Exercise material |
---

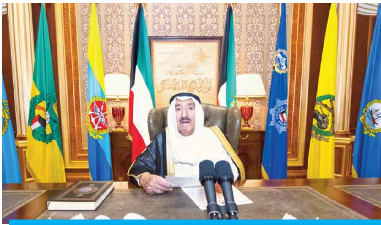
His Highness the Amir Sheikh Sabah Al-Ahmad Al-Jaber Al-Sabah

Media urged to play conscious and responsible role
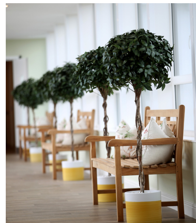
Walkway between two wings and leading onto the rooftop terrace
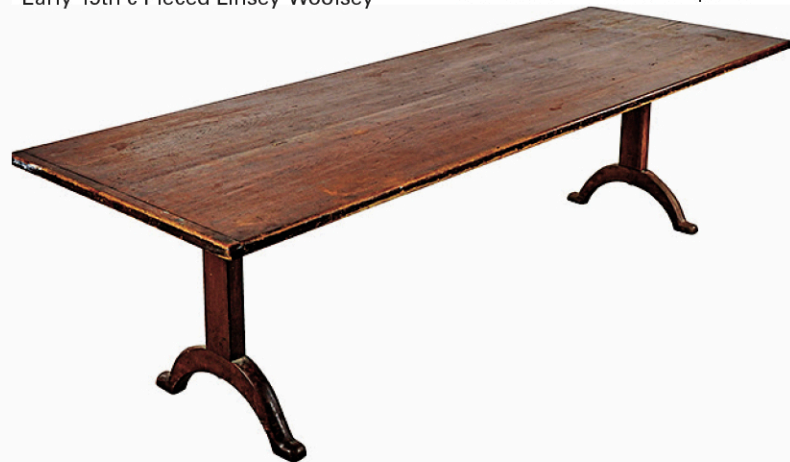
Rare 19th c 8 1/2 FT Shaker Meeting House Table
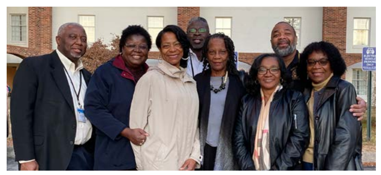
Antioch Delegates to the Sunday School Publishing Conference held December 3-4, 2019

Following the program, parents who otherwise would not have been able to provide toys for their children on Christmas were able to go from room to room to select age-appropriate toys for their children. The toys were donated by Antioch members, and the Women's Ministry spent weeks sorting and wrapping the gifts that were provided to over 300 children.
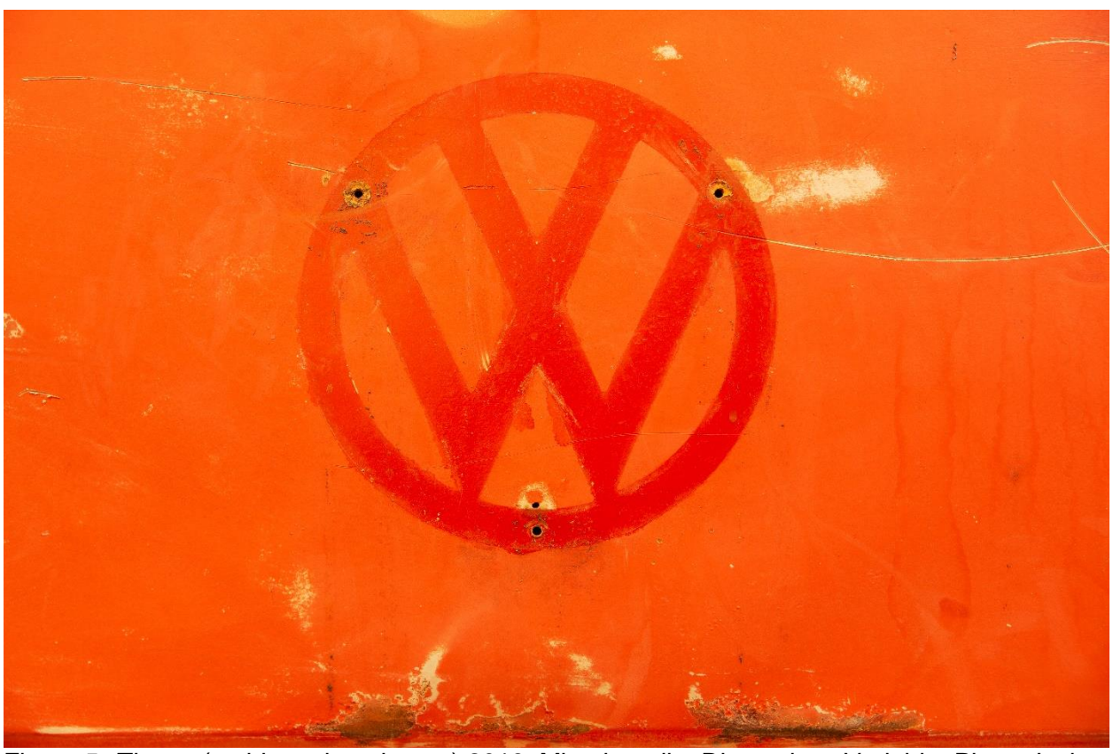
Figure 5. Zitrone (emblem ghost image) 2019. Mixed media. Dimensions Variable.
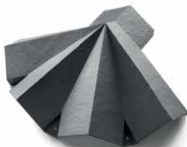
5-way ridge top cap ERS 1326GY2 (25°) Also available in: 15° (ERS 1330GY2) 20° (ERS 1331GY2) 30° (ERS 1332GY2) 35° (ERS 1333GY2)
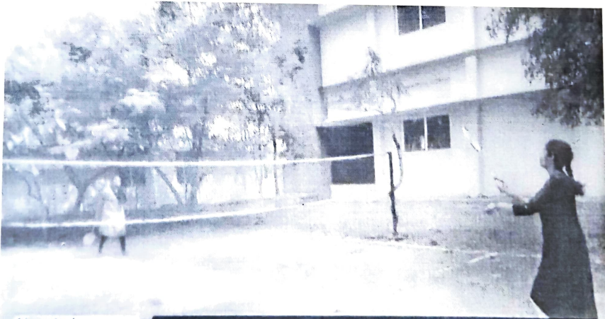
Fig: Students playing Badminton during their orientation program on 02-02-2021
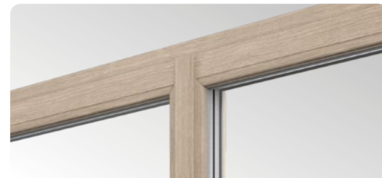
Slender profiles with a narrow post equipped with double seal which is a novelty in this kind of solutions on the market.
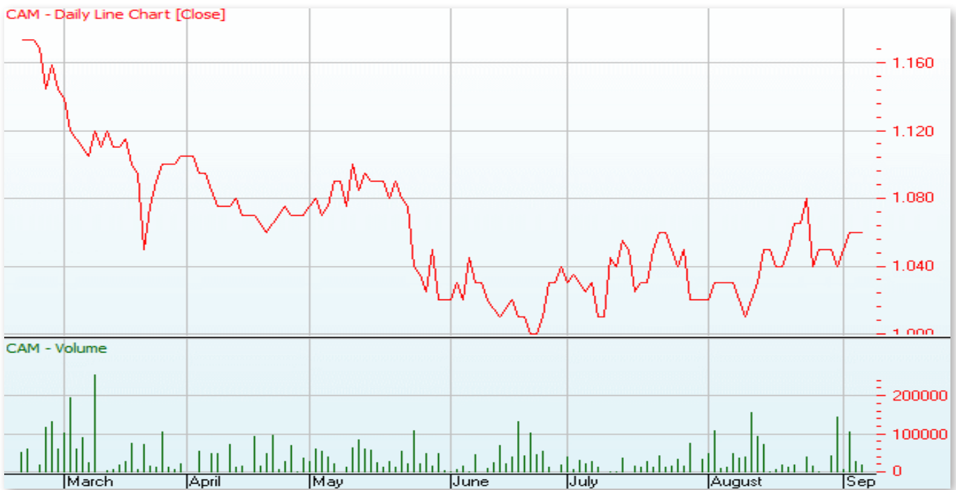
Figure: CAM Daily Line Chart

Copyright © 2013 Clime Capital Limited (ASX:CAM). All rights reserved. The information provided in this email and climecapital.com.au is intended for general use only. The information presented does not take into account the investment objectives, financial situation and advisory needs of any particular person nor does the information provided constitute investment advice. Under no circumstances should investments be based solely on the information herein. Climecapital.com.au is intended to provide educational information only. Please be aware that investing involves the risk of capital loss. Data for graphs, chart and quoted indices contained in this report has been sourced by IRESS Market Technology, Thomson Reuters, Clime Asset Management and MyClime unless otherwise stated. Past performance is no guarantee of future returns.
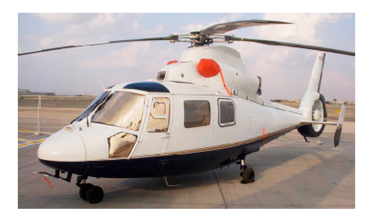
Dauphin HeatShield Set

Heatshields are interior sunshades for an aircraft's windows or canopy glass. The product is a unique composite of closed-cell foam with a silver mylar finish. The semi-rigid design is stiff enough to stand along the inside of the windshield using sun visors or window framing. It folds up flat and easily stores in the included storage sleeve. Some designs may require velcro and suction cups. A Heatshield is an excellent short-term remedy for cockpit overheating.
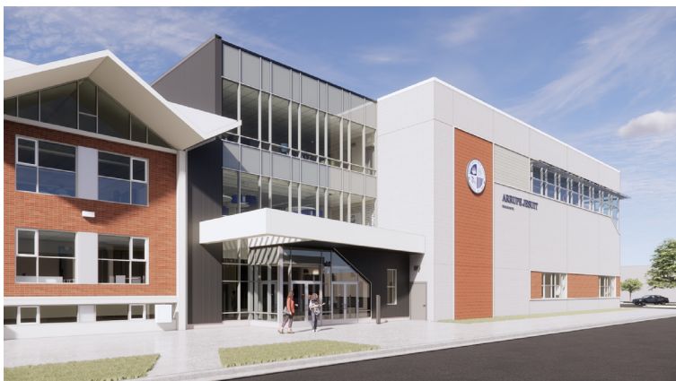
Expansion Exterior - Southeast View
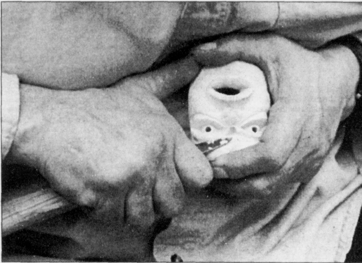
A yellow cedar mask carved by Dwayne Williers at CNC on Tuesday.

"The exhibit at UNBC is going to try to relate issues of cultural genocide. It is drawing a parallel between what happened in the Holocaust back then and what is happening now in places like
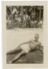
Lt. Louis L. Goldstein (MS 0163-01-01-003)
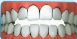
OPEN BITE Vertical spacing between the front teeth.

Ask your doctor how Invisalign clear aligners can work for you. Find out today.
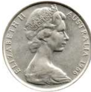
by Arnold Machin (1966 – 1984)
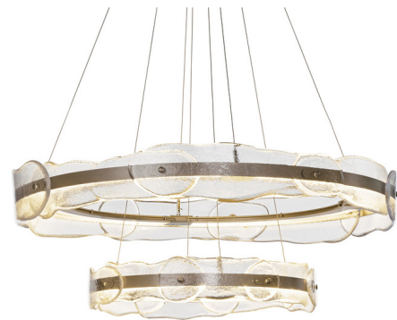
Shown in soft gold / clear

The Solstice Tiered Pendant brings an ethereal beauty to your interior space. Hand poured, textured artisanal glass creates warm glowing light against the circular steel plate. Canopy: 10.4 inch diameter. Slope ceiling adaptable to 45 degrees. Lifetime Limited Warranty when installed in residential setting. Handcrafted to order by skilled artisans in Vermont, USA.
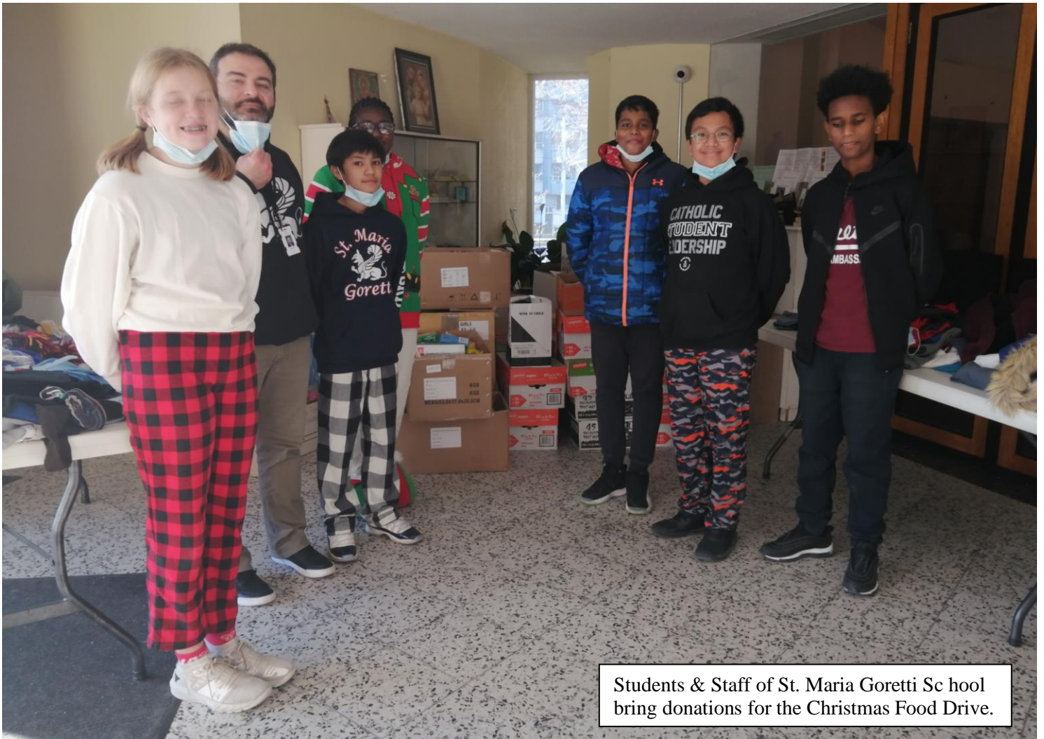
Students & Staff of St. Maria Goretti Sc hool bring donations for the Christmas Food Drive.

---

What to produce | Would you set down only the lines above from the line with "Slender profiles with" to the line with "Dauphin HeatShield Set", both included, exactly as they stand and without the pictures?

Solution to the exercise |
Slender profiles with a narrow post equipped with double seal which is a novelty in this kind of solutions on the market.
Figure: CAM Daily Line Chart

Copyright © 2013 Clime Capital Limited (ASX:CAM). All rights reserved. The information provided in this email and climecapital.com.au is intended for general use only. The information presented does not take into account the investment objectives, financial situation and advisory needs of any particular person nor does the information provided constitute investment advice. Under no circumstances should investments be based solely on the information herein. Climecapital.com.au is intended to provide educational information only. Please be aware that investing involves the risk of capital loss. Data for graphs, chart and quoted indices contained in this report has been sourced by IRESS Market Technology, Thomson Reuters, Clime Asset Management and MyClime unless otherwise stated. Past performance is no guarantee of future returns.
Dauphin HeatShield Set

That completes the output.